MOSCOW/VIENNA, (Reuters) – Russia and the United States conducted the biggest spy swap since the Cold War yesterday, trading agents on the Vienna airport tarmac in an evocative climax to an espionage drama that had threatened improving ties.
Two aircraft — one Russian, one American — parked side by side for about 90 minutes. The agents changed places under the cover of gangways as waves of heat rose from the tarmac.
The Russian plane then took off, followed by the U.S. jet in an echo of Soviet-era spy trades across the Iron Curtain in Central Europe. Officials in Vienna, once a center of Cold War intrigue, maintained a news blackout.
The U.S. Justice Department said shortly after the takeoff that the exchange of 10 agents released by Washington and four freed by Moscow had been successfully completed.
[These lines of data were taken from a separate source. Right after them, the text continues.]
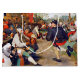 Pieter Bruegel, o Velho (1525-1530-9 de setembro de 1569), foi o artista mais significativo da pintura Renascentista holandesa e flamenga, pintor e impressora de Brabant, conhecida por suas paisagens e cenas camponesas (a chamada pintura do gênero); foi pioneiro no fazer tipos de assunto em foco em grandes pinturas. Os historiadores da arte pensam que ele era nascer em Breda ou Breugel (uma aldeia no município de Son en Breugel), ambos localizados na atual província holandesa do Brabante do Norte. Ele exerceu uma influência formativa na pintura holandesa da idade do Ouro e, mais tarde, pintou em geral em suas escolhas inovadoras de matéria, como uma das primeiras gerações de artistas a crescer quando os súditos religiosos deixavam de ser objeto natural de pintura. Ele também não pintou retratos, o outro esteio da arte holandesa. Após sua formação e viagens à Itália, ele voltou em 1555 para se estabelecer em Antuérpia, onde trabalhava principalmente como prolífico designer de impressões para a principal editora do dia. Somente no final da década ele se mudou para fazer a pintura do seu meio principal, e todas as suas famosas pinturas vêm do período seguinte, pouco mais de uma década antes de sua morte inicial, quando ele provavelmente estava no início dos anos 1940, e no auge de seus poderes. Além de olhar para frente, sua arte revigora assuntos medievais como sondas marginais da vida normal em manuscritos iluminados, cenas de calendário de trabalhos agrícolas em paisagens, e as coloca em escala muito maior do que antes, e no caro meio de pintura a óleo. Ele faz o mesmo com o mundo fantástico e anárquico desenvolvido em impressões e ilustrações de livros da Renascença. Citação: Wikipedia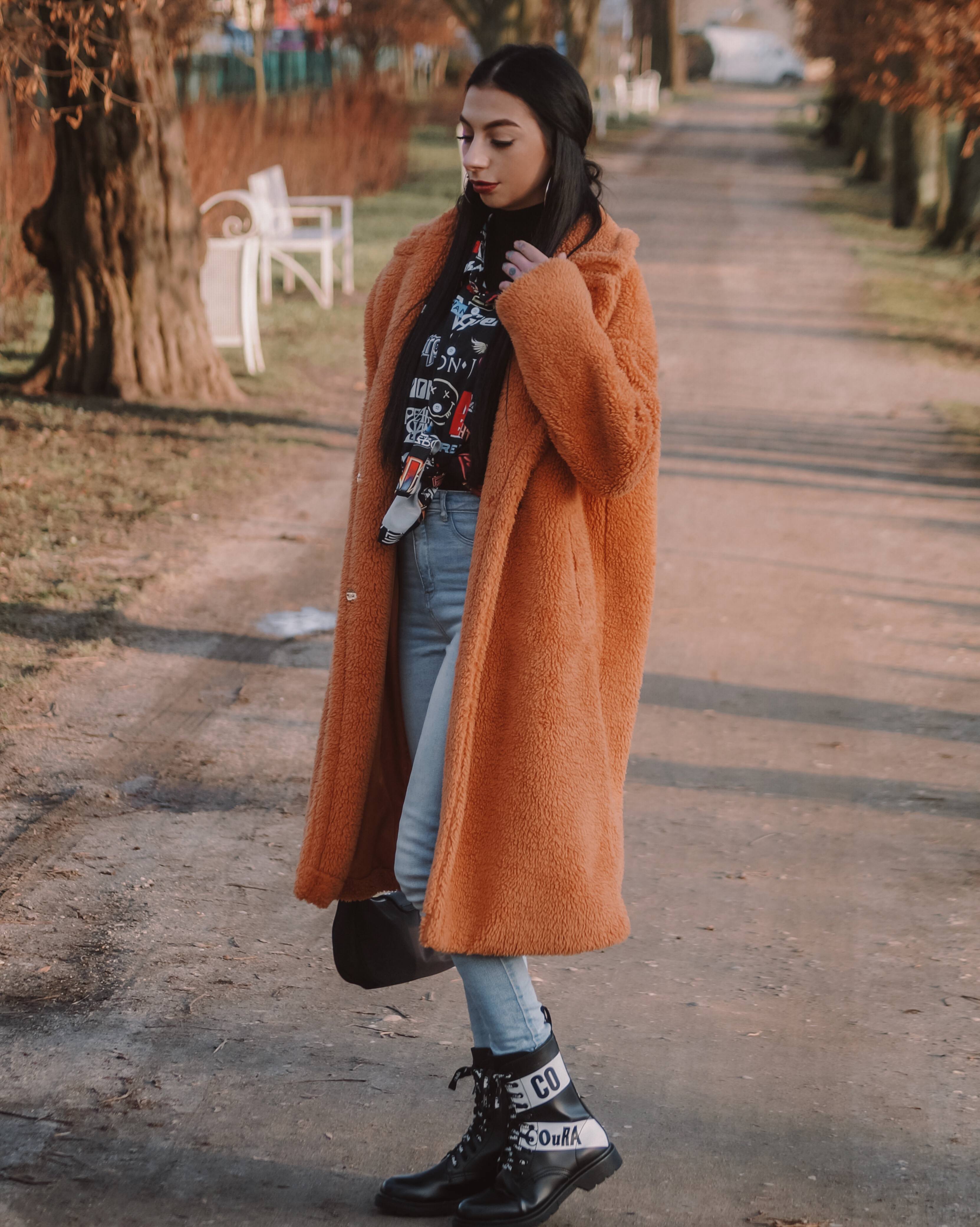 Co tam u Was słychać? Ja dziś totalnie poczułam wiosnę! Cały dzień świeci słoneczko, aż inaczej się funkcjonuje. Co do samej stylizacji to mam na sobie długi, pomarańczowy płaszcz, do tego klasyczne jeansy, koszula vintage oraz czarne workery, które są ze sklepu czasnabuty.pl.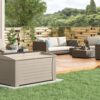 – 127-gallon deck box designed for storing cushions, yard supplies, and swimming pool stuff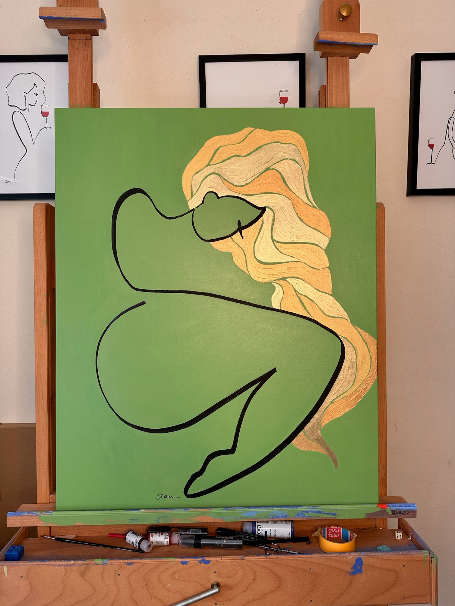 In ihrer Zeit als Musikerin entdeckte sie ihre Liebe zur one line art und saß 2017/2018 einen Winter lang täglich am Tisch und zeichnete unendliche Skizzen aus einer Linie. Diese Phase führte zur Spezialisierung auf das Sujet Frauen aus einer Linie.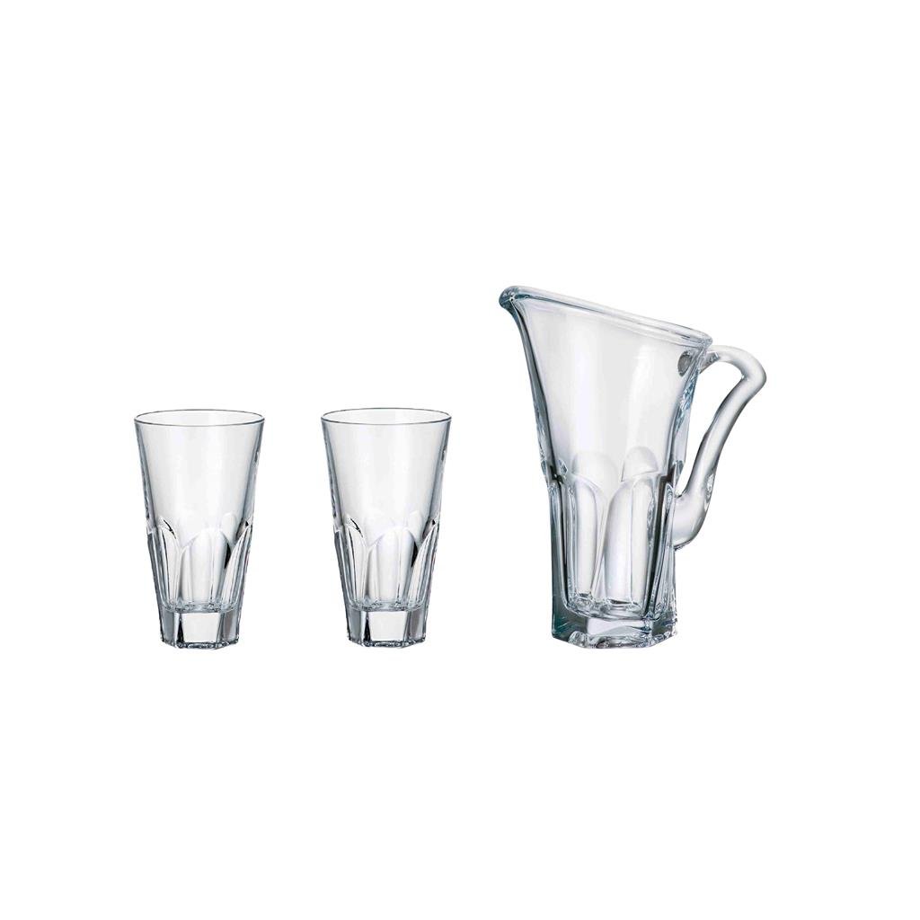 Sada obsahuje džbán o objemu 1,7 l a výšce 29 cm a dvě sklenice o objemu 480 ml, výšce 17,5 cm a průměru 8,5 cm. Dohromady tvoří dokonale sladěnou sadu, která je vhodná nejen pro každodenní použití, ale také pro slavnostní příležitosti nebo jako originální dárek.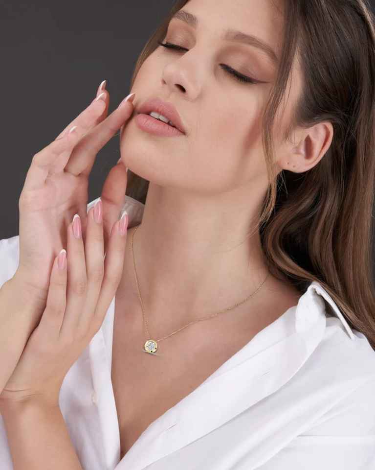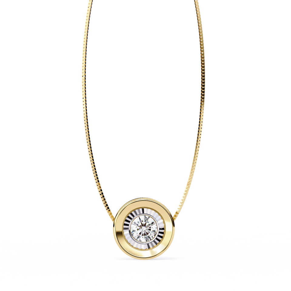 จี้เพชรโมอิสซาไนต์สีขาวทรงกลม เกรด E VS1 ได้รับการรับรองจาก IGI น้ำหนัก 0.25 กะรัต ตัวเรือนเงินสเตอร์ลิงชุบโรเดียม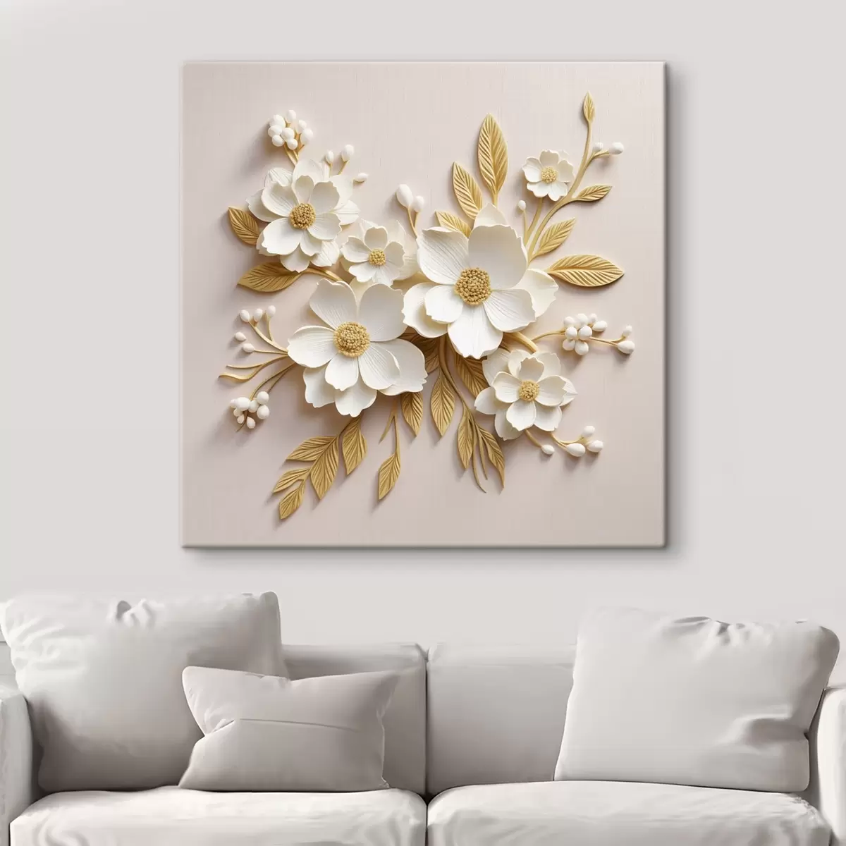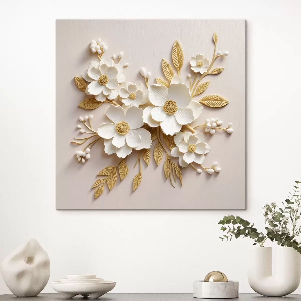 Obraz białe kwiaty 3D z liśćmi na kremowym tle Nr s43383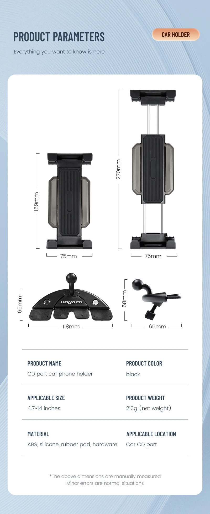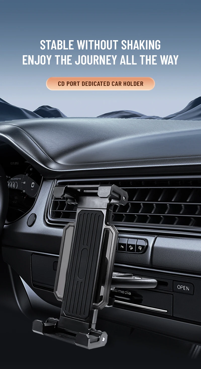 The Universal Tablet & Phone Car Mount is an innovative, easy-to-install CD slot bracket designed to hold a range of devices from 4 to 13 inches securely in place. This versatile mount fits into your car’s CD slot, transforming it into a stable platform for tablets and smartphones, including iPad, iPhone, Samsung, Xiaomi, and other devices. Ideal for hands-free navigation, media streaming, and safe driving, this mount provides an adjustable and secure solution for your device, keeping it within easy reach without obstructing your view. Perfect for daily commutes or road trips, it makes in-car device use safer and more convenient.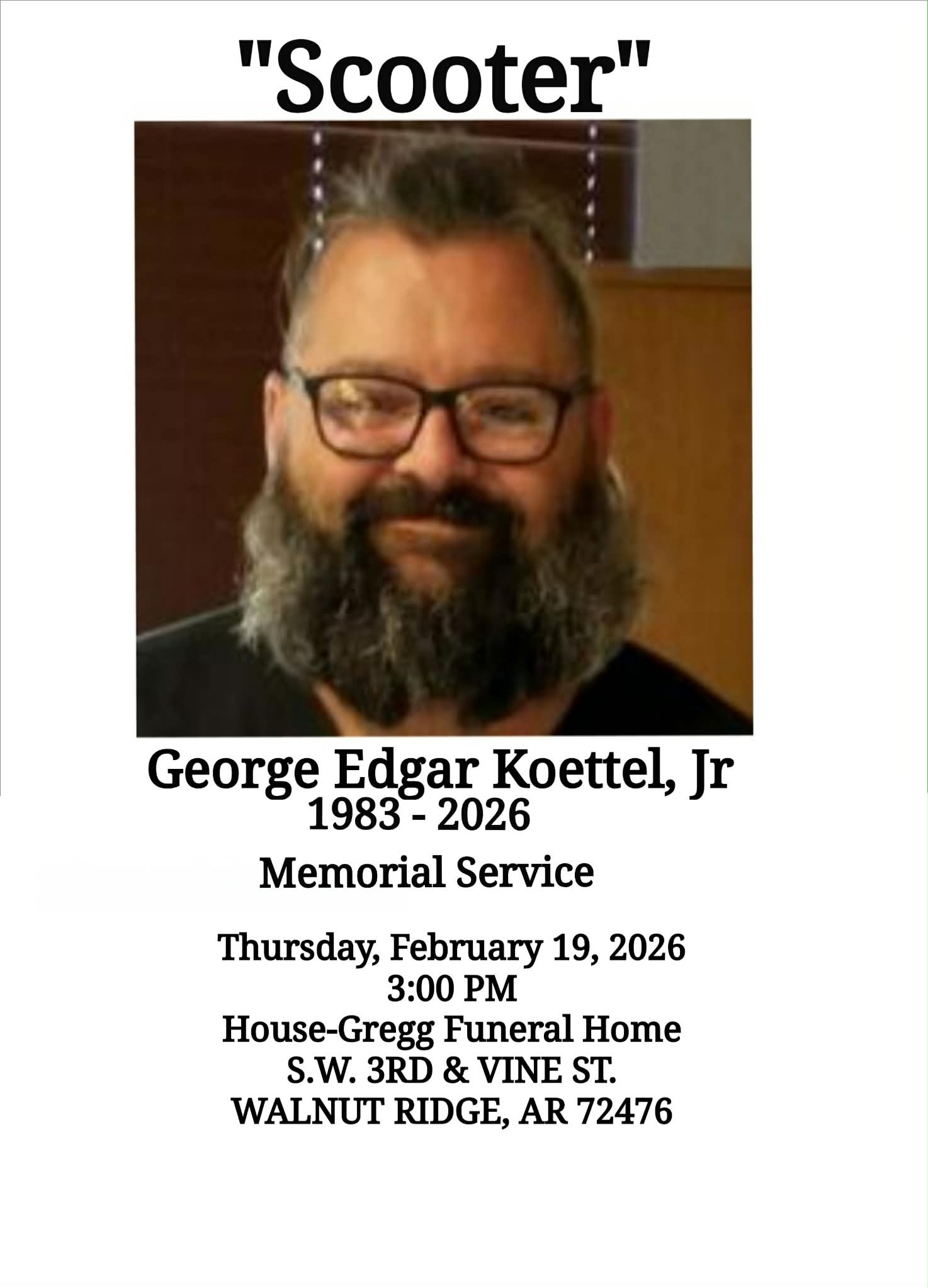 A memorial service will be held for George Edgar “Scooter” Koettel Jr. 1983-2026 will be held at

The plane landed at Domodedovo airport outside Moscow a few hours later. Shielded from cameras, the Russians stepped off and were driven away in a convoy of SUVs, sedans and buses.
Later, a plane believed to be carrying Russians freed in the swap landed at Dulles airport outside Washington, CNN said. It was unclear how many of the four were on board.
The conclusion to the espionage drama was played out after spymasters brokered the deal on the instructions of presidents keen not to derail breakthroughs in Russian-U.S. relations.
In the first step of the carefully choreographed swap, the 10 Russian agents pleaded guilty on Thursday in a New York court to charges against them and were immediately deported.